National Organization for Rare Disorders, Inc.

Synonyms

  • A1AT Deficiency
  • AAT
  • AAT Deficiency
  • Antitrypsin Deficiency
  • Cholestasis, Neonatal
  • Familial Chronic Obstructive Lung Disease
  • Familial Emphysema
  • Hereditary Emphysema
  • Homozygous Alpha-1-Antitrypsin Deficiency
  • PI
  • Pi Phenotype ZZ, Z- and --
  • Protease Inhibitor Deficiency
  • Serum Protease Inhibitor Deficiency
  • A1AD
  • Alpha-1

Disorder Subdivisions

  • None

Related Disorders List

Information on the following diseases can be found in the Related Disorders section of this report:

  • Pulmonary Emphysema
  • Respiratory Distress Syndrome, Acute

General Discussion

Alpha-1 Antitrypsin Deficiency (A1AD) is a hereditary disorder characterized by low levels of a protein called alpha-1 antitrypsin (A1AT) which is found in the blood. This deficiency may predispose an individual to several illnesses but most commonly appears as emphysema, less commonly as liver disease, or more rarely, as a skin condition called panniculitis. A deficiency of A1AT allows substances that break down protein (proteolytic enzymes) to attack various tissues of the body. This results in destructive changes in the lungs (emphysema) and may also affect the liver and skin. Alpha-1 Antitrypsin is ordinarily released by specialized, granular white blood cells (neutrophils) in response to infection or inflammation. A deficiency of Alpha-1 Antitrypsin results in unbalanced (relatively unopposed) rapid breakdown of proteins (protease activity), especially in the supporting elastic structures of the lungs. This destruction over many years leads to emphysema and is accelerated by smoking and some occupational exposures.

Symptoms

LUNG DISEASE
Alpha-1 Antitrypsin deficiency-associated lung disease is characterized by progressive degenerative and destructive changes in the lungs (panacinar emphysema). Emphysema is a chronic, usually slowly progressive illness, which most commonly causes shortness of breath. Other symptoms include chronic cough, phlegm production, and wheezing. Frequent respiratory infections may also be present. Serious changes that occur in the lungs and other organs of the body may develop by the time the person reaches the age of 40 - 50 years. Due to the early onset of emphysema, individuals affected by A1AD are often misdiagnosed as having asthma and experience long diagnostic delays and visits to many different health care providers before the diagnosis is made for the first time.
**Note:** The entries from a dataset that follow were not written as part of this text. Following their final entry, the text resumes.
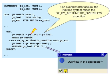 If the value range for data type I is exceeded in the calculation, the runtime system raises exception CX_SY_ARITHMETIC_OVERFLOW. This exception is handled in the implemented CATCH block. The reference to the appropriate instance is stored in data object GO_EXC in the example. The handler can access the instance’s exception text using the functional method GET_TEXT. The exception text is stored in the data object GV_TEXT with the type STRING and then displayed as an information message.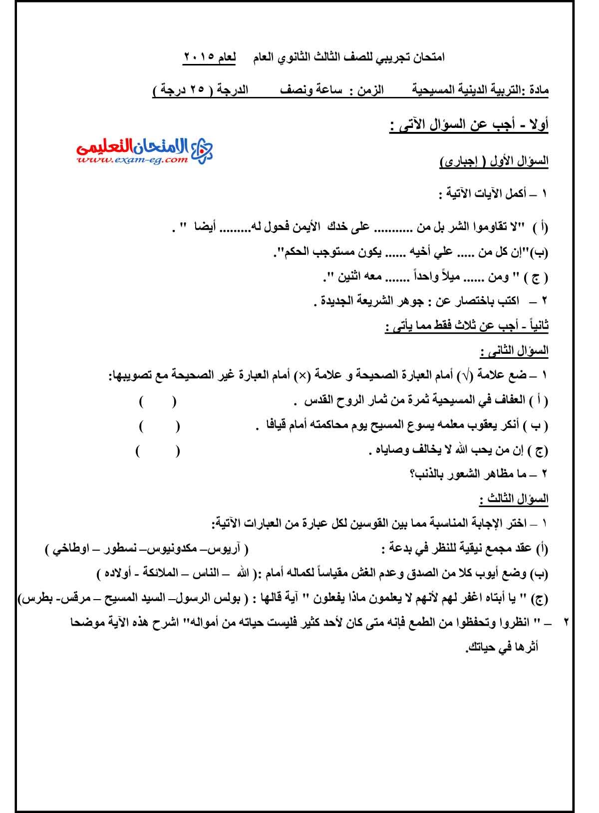 اسئلة اختبار التربية المسيحية الصف الثالث الثانوي لفصل الدراسي الثاني.jpg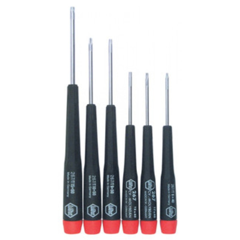 Wiha Precision Torx Screwdriver 6 Piece Set T6-T1526790 Precision Torx Screwdriver 6 Piece SetIncludes Torx Sizes: T6, T7, T8, T9, T10, T15Features: Wiha special chrome-vanadium-molybdenum tool steel Through hardened for best wear resistance Corrosion prot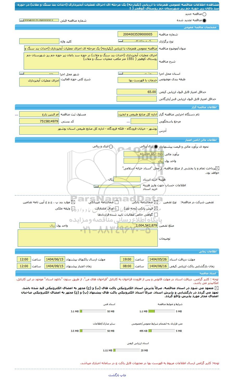 | مبلغ تضمین | 2,004,542,879 | واحد پول | ریال |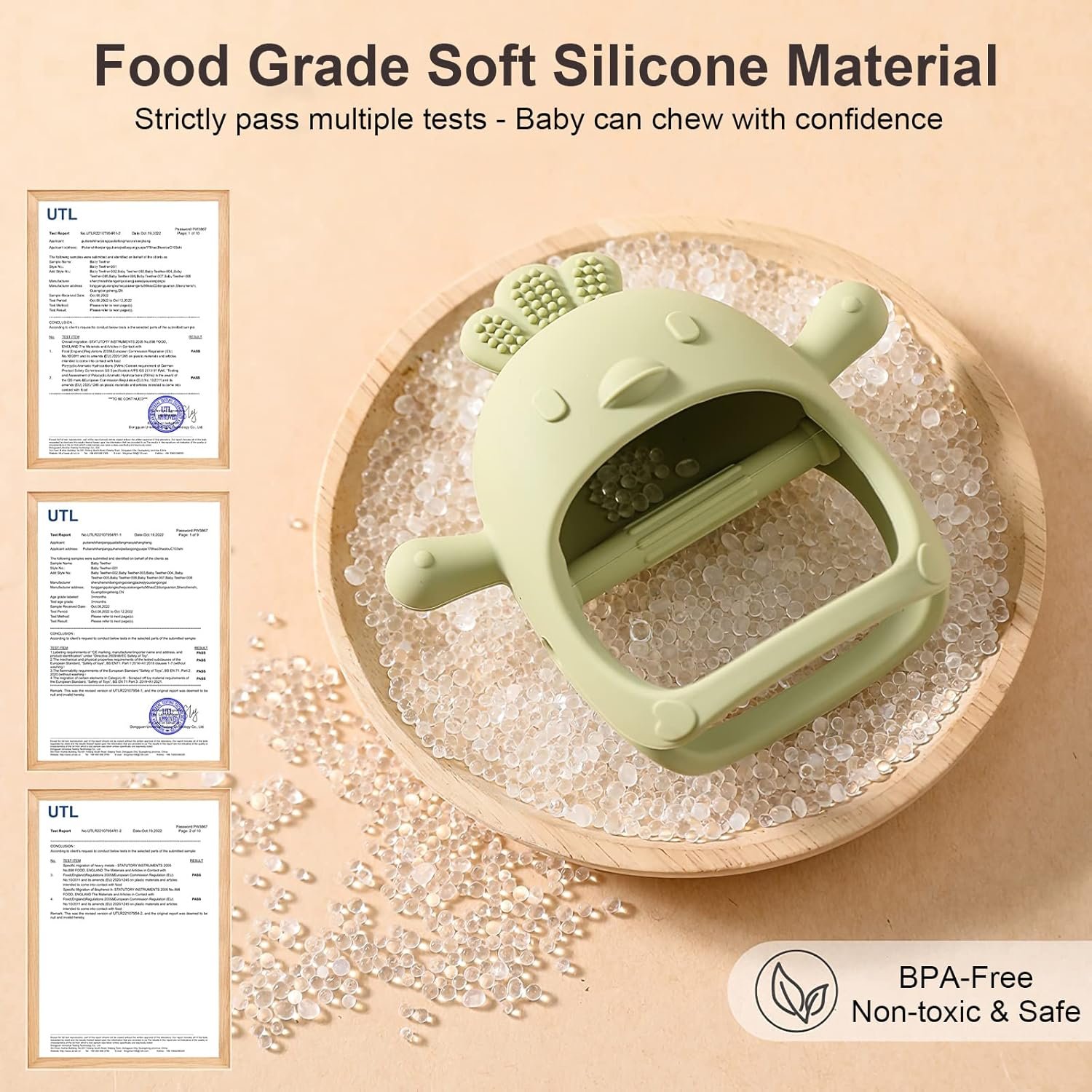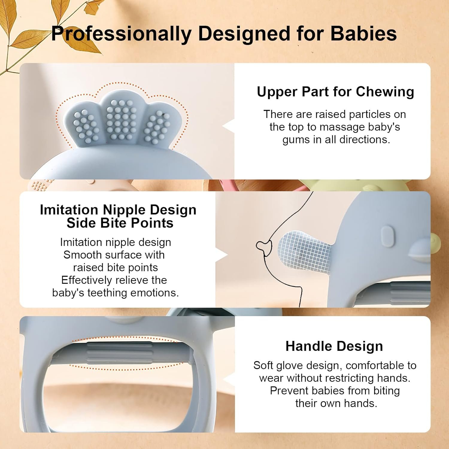 Raised silica gel particles can massage gums and relieve teething pain.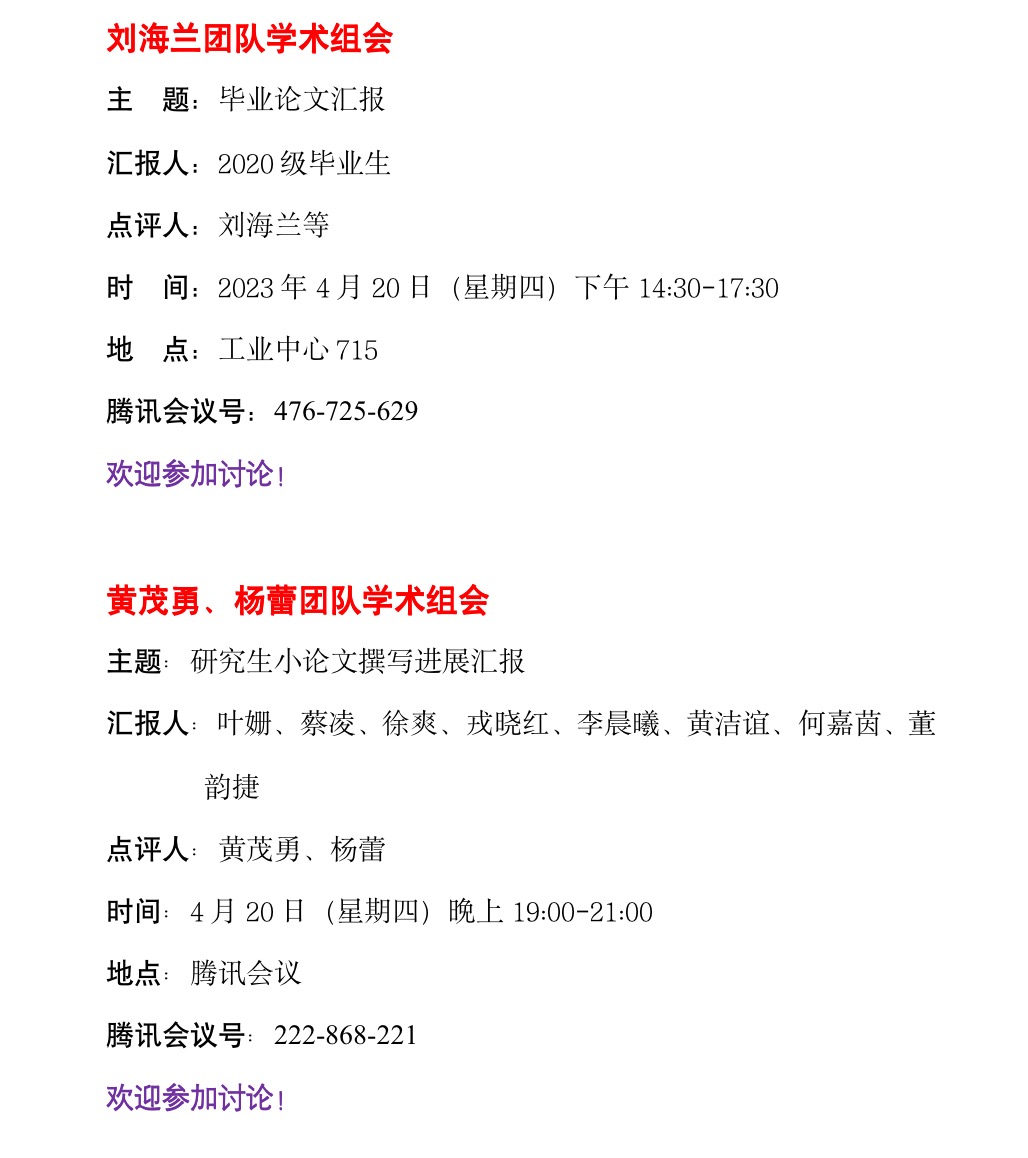 研究生学术组会(第9周 4.17-4.23)

Pulmonary Function Tests may reveal reduction in expiratory air flow, hyperinflation, low diffusing capacity, and/or abnormalities on CT scan of the chest. An abnormal level of oxygen in the arterial blood (arterial hypoxemia), with or without the retention of carbon dioxide, may also occur.
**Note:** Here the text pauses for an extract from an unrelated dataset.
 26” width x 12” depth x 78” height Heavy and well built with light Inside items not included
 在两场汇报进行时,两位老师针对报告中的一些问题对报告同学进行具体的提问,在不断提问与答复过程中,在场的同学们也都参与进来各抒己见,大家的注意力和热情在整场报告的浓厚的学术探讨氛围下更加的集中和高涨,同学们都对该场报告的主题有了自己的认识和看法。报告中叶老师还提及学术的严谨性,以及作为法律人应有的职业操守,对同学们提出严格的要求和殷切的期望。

The lower parts of the lungs experience the predominant damage, though a more "classic" X-ray with predominant changes in the upper lung zones may also be seen in a minority of instances.

LIVER DISEASE
Liver disease caused by A1AD may occur during infancy, childhood, adolescence, or adulthood. Symptoms in infancy include prolonged yellow appearance of the skin (jaundice), mildly elevated liver enzymes, and symptoms of cholestasis (e.g. jaundice, dark urine, pale stools, and itching). Other symptoms may include enlarged liver, bleeding, an abnormal accumulation of fluids within the cavities of the body (ascites), feeding difficulties, and poor growth or failure to thrive. Children and adolescents with this disorder may have symptoms of mildly elevated liver enzymes, severe liver dysfunction, portal hypertension and/or severe liver dysfunction. They may also become easily fatigued, or experience decreased appetite, swelling of the legs or abdomen, and/or enlargement of the liver (hepatomegaly). A1AD-associated liver disease symptoms in adults are any or all of the following: chronic active hepatitis, cryptogenic cirrhosis, portal hypertension, and hepatocellular carcinoma.
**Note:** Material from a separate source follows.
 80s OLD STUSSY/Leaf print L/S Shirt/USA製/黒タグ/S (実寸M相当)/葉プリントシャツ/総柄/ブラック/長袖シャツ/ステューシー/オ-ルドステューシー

Other complications that may be seen are an increase of the pressure within blood vessels in the liver (portal hypertension) that may result in bleeding from the esophagus or stomach, easy bruising, fluid accumulation in the chest, abnormally enlarged vessels within the stomach or esophagus, and/or occasional internal bleeding. Laboratory tests of liver function generally have abnormal results.

Later in the course of the cirrhosis, drowsiness may occur because the liver is unable to properly dispose of the waste products of protein metabolism (urea). A late symptom of this disorder may include an increased susceptibility to infection.

Chronic degenerative changes in the liver (cirrhosis) eventually develop in up to 30-40% of individuals with severe deficiency of A1AT, perhaps especially in individuals who escape the associated emphysema. Because the pathogenesis of the liver disease (accumulation of unsecreted protein within the liver cells) differs from that of the emphysema (proteolytic damage to the lung support tissues), liver disease may occur separately from the emphysema (though both co-occur in some individuals). Examination of liver cells (biopsy) by a pathologist can demonstrate that adults with this hereditary form of emphysema may have liver cell abnormalities similar to those of infants with A1AD who have symptoms of liver involvement.

PANNICULITIS
The dermatologic manifestation of A1AD is a rare form of skin disease called panniculitis. Panniculitis appears to affect males and females equally, and at any age, and may occur in individuals with various phenotypes, not confined to those associated with severe deficiency of A1AT (e.g., PI*ZZ).
Panniculitis seems to develop in only a few patients with A1AD. The pathogenesis of the disease and why it occurs so rarely is unknown, though the favorable effects of augmenting serum levels of A1AD with infused, purified A1AD protein suggests that panniculitis may be on the basis of unopposed proteolytic activity in the skin.

The skin lesions of panniculitis associated with A1AD begin as tender, red and inflamed (erythematous), hardened (indurated), beneath the skin (subcutaneous) nodules, often with an irregular border. The panniculitis is often widely disseminated on the torso or extremities, and is characterized by ulceration in addition to serosanguineous (serum and blood) drainage and accompanying systemic symptoms, including fever.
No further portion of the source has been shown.